When you copy the material below, keep every line exact and leave each picture out.
### RECORDS PROVIDED ###
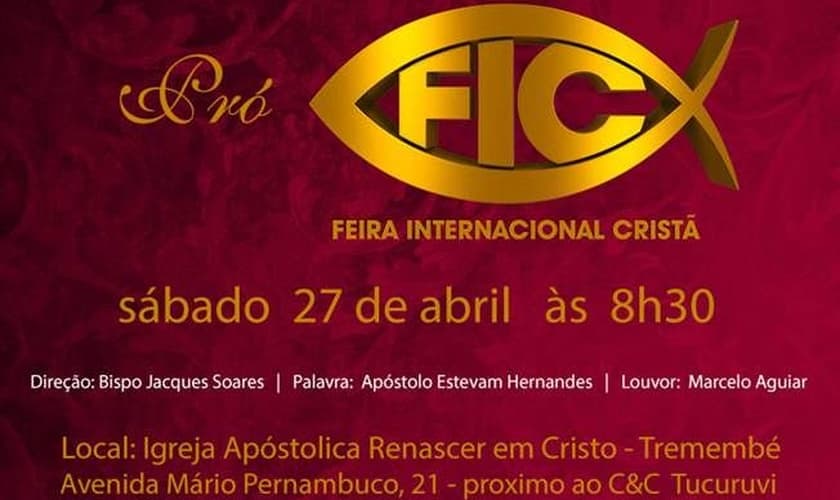 Marcelo Aguiar ministrará o louvor. A palavra será ministrada pelo Ap. Estevam Hernandes, presidente da CIEAB e fundador da Igreja Apostólica Renascer em Cristo.
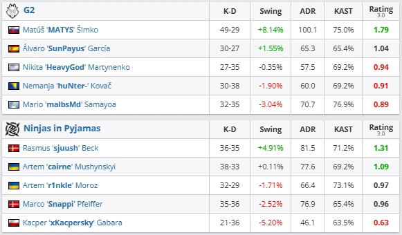 G2는 ESL 프로 리그 시즌 23 1단계 스위스 결승전에서 닌자스 인 파자마스를 2-0으로 꺾으며 스웨덴 조직을 탈락시키고 대회 2단계에 진출했습니다. 이 시리즈는 마투시 “MATYS” 시므코의 뛰어난 활약으로 정의되었으며, 그는 두 맵 모두에서 압도적인 활약을 펼치며 1.79의 평점으로 경기를 마치고 경기 최우수 선수상을 수상했습니다. NiP에게는 이 패배로 혼란스러운 스위스 캠페인 끝에 1단계 진출이 끝났고, G2는 탈락전을 통과해 대회를 계속 이어갔다.
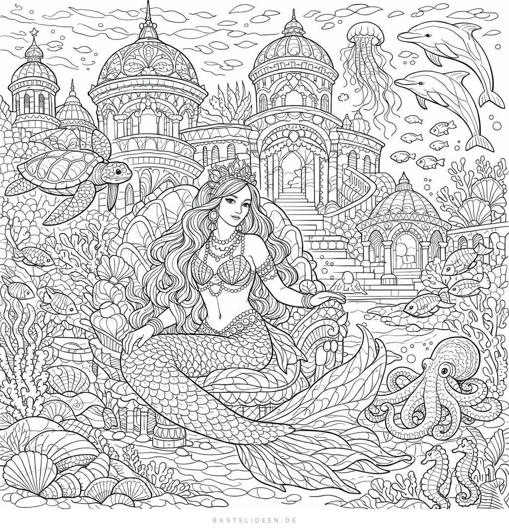 Eine Meerjungfrau in einem prächtigen Unterwasserpalast mit vielen Details zum Ausmalen.
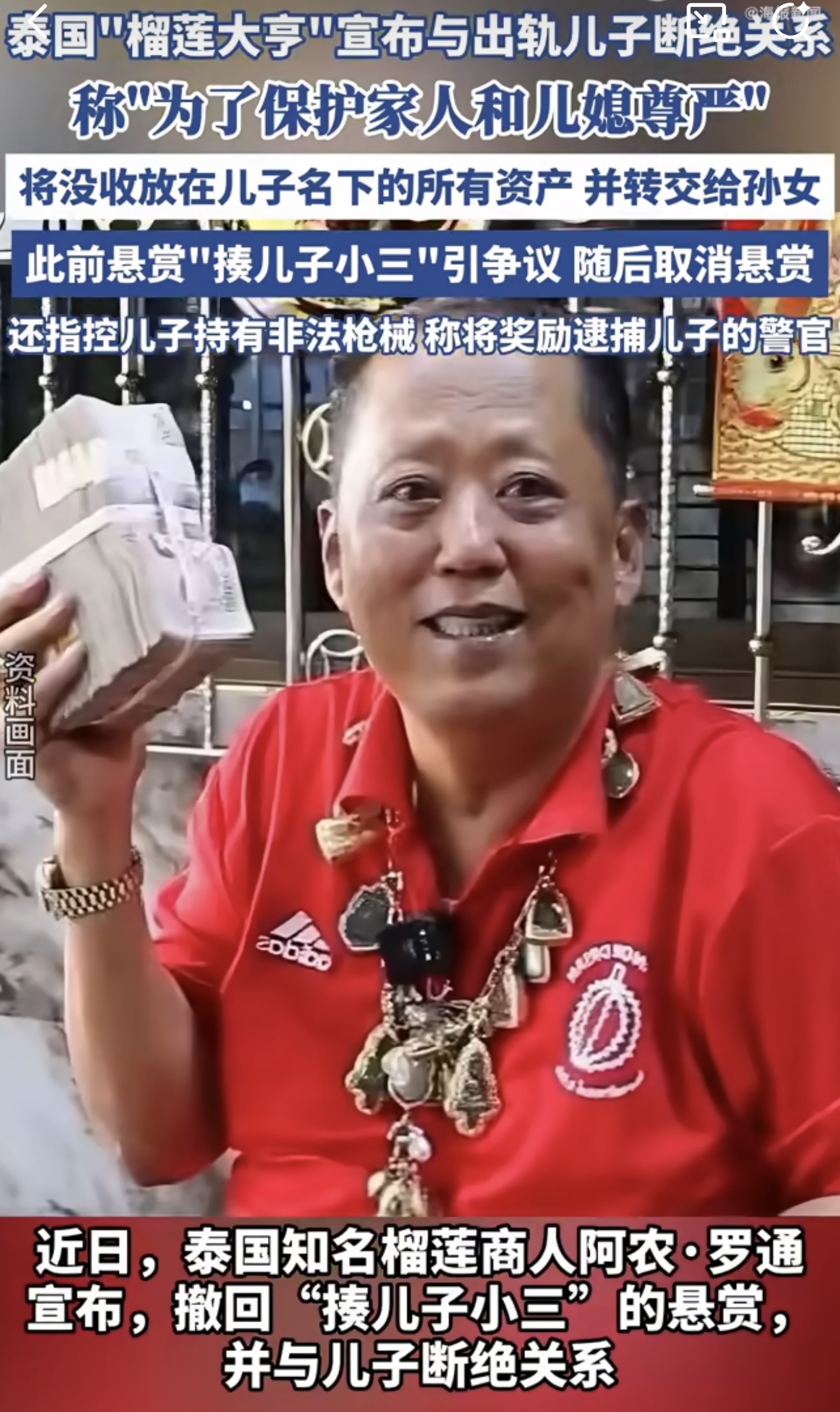 这事儿得从他那个“不省心”的儿子说起。儿子早有妻儿,却和公司会计安搞出婚外情。安原本嫁的是阿农的侄子,后来转投他儿子怀抱,把家族关系搅成一锅乱粥。阿农先是好言相劝,儿子却油盐不进。眼见儿媳整日以泪洗面,阿农一咬牙,直接在网上“悬赏揍人”,还放话“悬赏长期有效,直到那女人滚蛋”。更狠的是,他连儿子都“大义灭亲”,举报儿子非法持枪,还许诺给抓人的警察五万泰铢奖励。
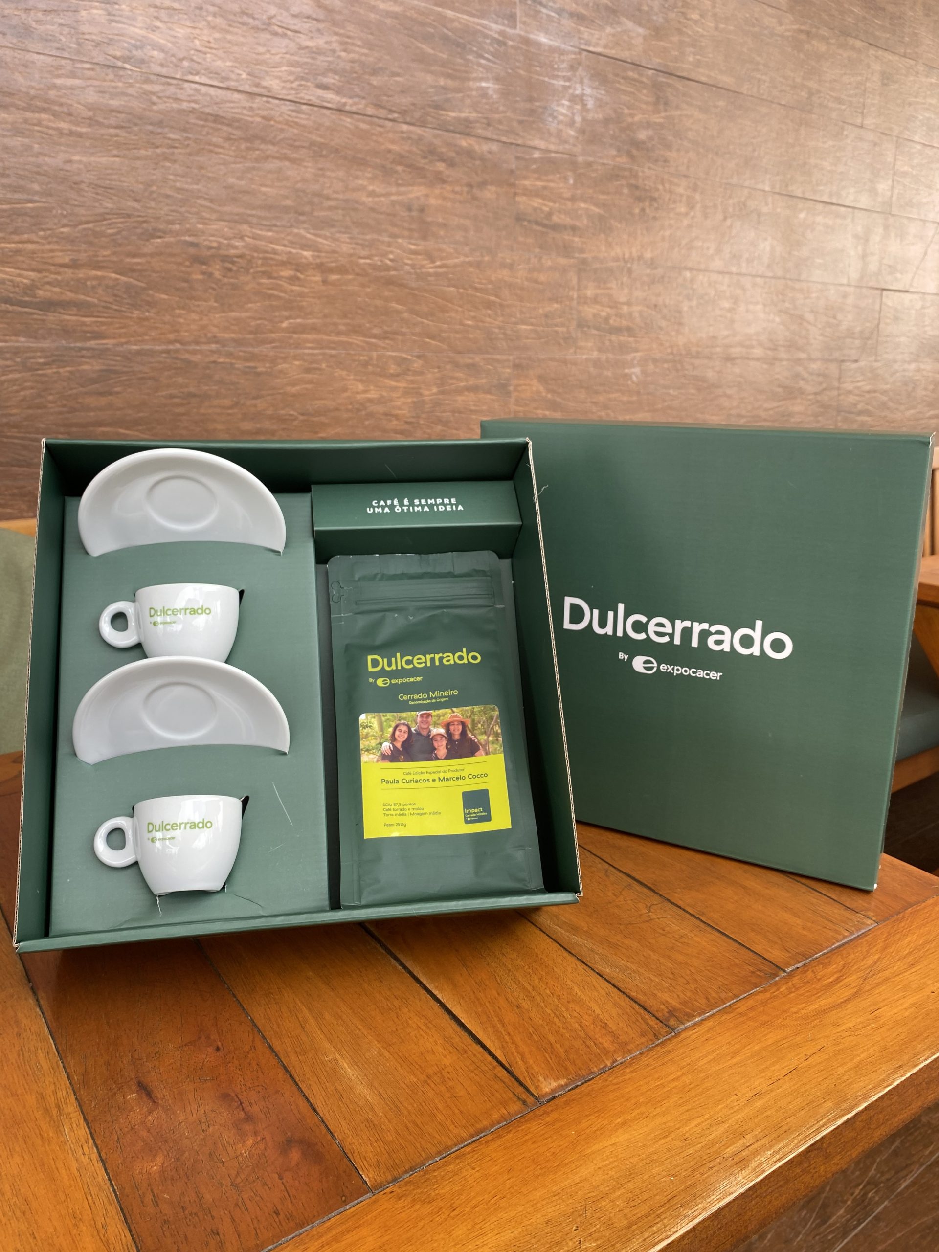Além do café, o kit inclui um conjunto exclusivo de xícaras e pires Dulcerrado, ideal para transformar cada momento em uma pausa especial.
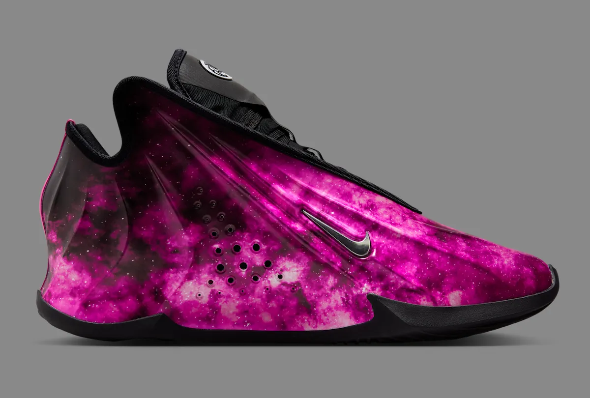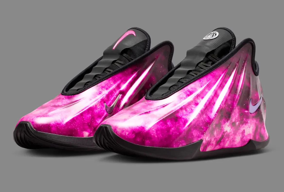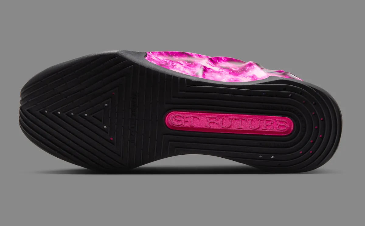 The Nike GT Future CHBL PE brings one of the model’s most striking looks yet with a bright pink galaxy finish across its molded upper. Designed for the Chinese High School Basketball League, the pair continues to push the futuristic shape of the GT Future with a print that covers the shell in cloudy pink tones and scattered star-like speckles.
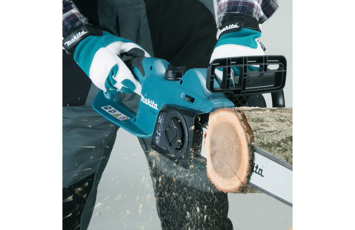 Электрическая цепная пила Makita UC3041A мощностью 1800 Вт применяется для распиливания бревен и пиломатериала. Не выделяет вредных выхлопов, что позволяет пользоваться инструментом в помещении. Модель имеет автоматическую систему смазки цепи, инерционный тормоз и уловитель цепи. Предусмотрена защита от непреднамеренного включения, защита руки от удара цепью.
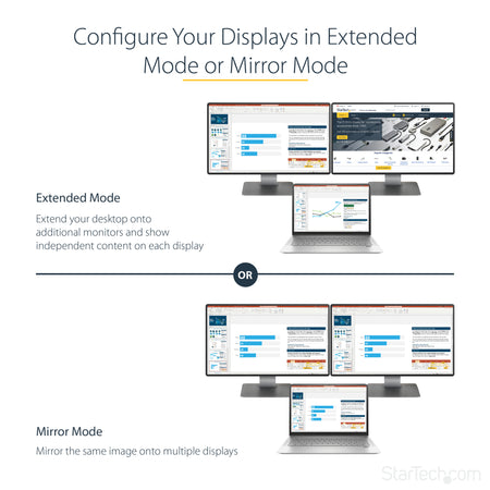 Using the MST hub, you can extend your desktop onto additional monitors and stream independent content to each display, giving you the freedom to multitask and increase your productivity. You can also mirror the same image onto multiple displays for remote viewing applications such as digital signage.
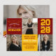Invitation à la graduation moderne marron et jaune doré - 4 Photo (3 avant, 1 arrière) Collection de l'année de cours répétitive
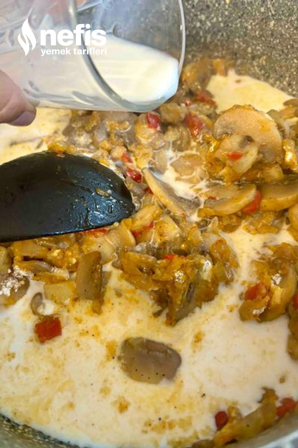 8. Suyunun çoğunluğunu çekince baharatları ve tuzu ekleyelim, ocağın ateşi çok yüksek olmasın, bir yemek kaşığı unu ekleyip bir kaç çeşit karıştıralım ve sütü ekleyelim, kaynayana kadar daima karıştıralım kaynadıktan sonra kıvam ağırlaşınca ocağın altını kapatalım.
###
§ **EXERCISE ANSWER**
 Marcelo Aguiar ministrará o louvor. A palavra será ministrada pelo Ap. Estevam Hernandes, presidente da CIEAB e fundador da Igreja Apostólica Renascer em Cristo.
 G2는 ESL 프로 리그 시즌 23 1단계 스위스 결승전에서 닌자스 인 파자마스를 2-0으로 꺾으며 스웨덴 조직을 탈락시키고 대회 2단계에 진출했습니다. 이 시리즈는 마투시 “MATYS” 시므코의 뛰어난 활약으로 정의되었으며, 그는 두 맵 모두에서 압도적인 활약을 펼치며 1.79의 평점으로 경기를 마치고 경기 최우수 선수상을 수상했습니다. NiP에게는 이 패배로 혼란스러운 스위스 캠페인 끝에 1단계 진출이 끝났고, G2는 탈락전을 통과해 대회를 계속 이어갔다.
 Eine Meerjungfrau in einem prächtigen Unterwasserpalast mit vielen Details zum Ausmalen.
 这事儿得从他那个“不省心”的儿子说起。儿子早有妻儿,却和公司会计安搞出婚外情。安原本嫁的是阿农的侄子,后来转投他儿子怀抱,把家族关系搅成一锅乱粥。阿农先是好言相劝,儿子却油盐不进。眼见儿媳整日以泪洗面,阿农一咬牙,直接在网上“悬赏揍人”,还放话“悬赏长期有效,直到那女人滚蛋”。更狠的是,他连儿子都“大义灭亲”,举报儿子非法持枪,还许诺给抓人的警察五万泰铢奖励。
Além do café, o kit inclui um conjunto exclusivo de xícaras e pires Dulcerrado, ideal para transformar cada momento em uma pausa especial.
 The Nike GT Future CHBL PE brings one of the model’s most striking looks yet with a bright pink galaxy finish across its molded upper. Designed for the Chinese High School Basketball League, the pair continues to push the futuristic shape of the GT Future with a print that covers the shell in cloudy pink tones and scattered star-like speckles.
 Электрическая цепная пила Makita UC3041A мощностью 1800 Вт применяется для распиливания бревен и пиломатериала. Не выделяет вредных выхлопов, что позволяет пользоваться инструментом в помещении. Модель имеет автоматическую систему смазки цепи, инерционный тормоз и уловитель цепи. Предусмотрена защита от непреднамеренного включения, защита руки от удара цепью.
 Using the MST hub, you can extend your desktop onto additional monitors and stream independent content to each display, giving you the freedom to multitask and increase your productivity. You can also mirror the same image onto multiple displays for remote viewing applications such as digital signage.
Invitation à la graduation moderne marron et jaune doré - 4 Photo (3 avant, 1 arrière) Collection de l'année de cours répétitive
 8. Suyunun çoğunluğunu çekince baharatları ve tuzu ekleyelim, ocağın ateşi çok yüksek olmasın, bir yemek kaşığı unu ekleyip bir kaç çeşit karıştıralım ve sütü ekleyelim, kaynayana kadar daima karıştıralım kaynadıktan sonra kıvam ağırlaşınca ocağın altını kapatalım.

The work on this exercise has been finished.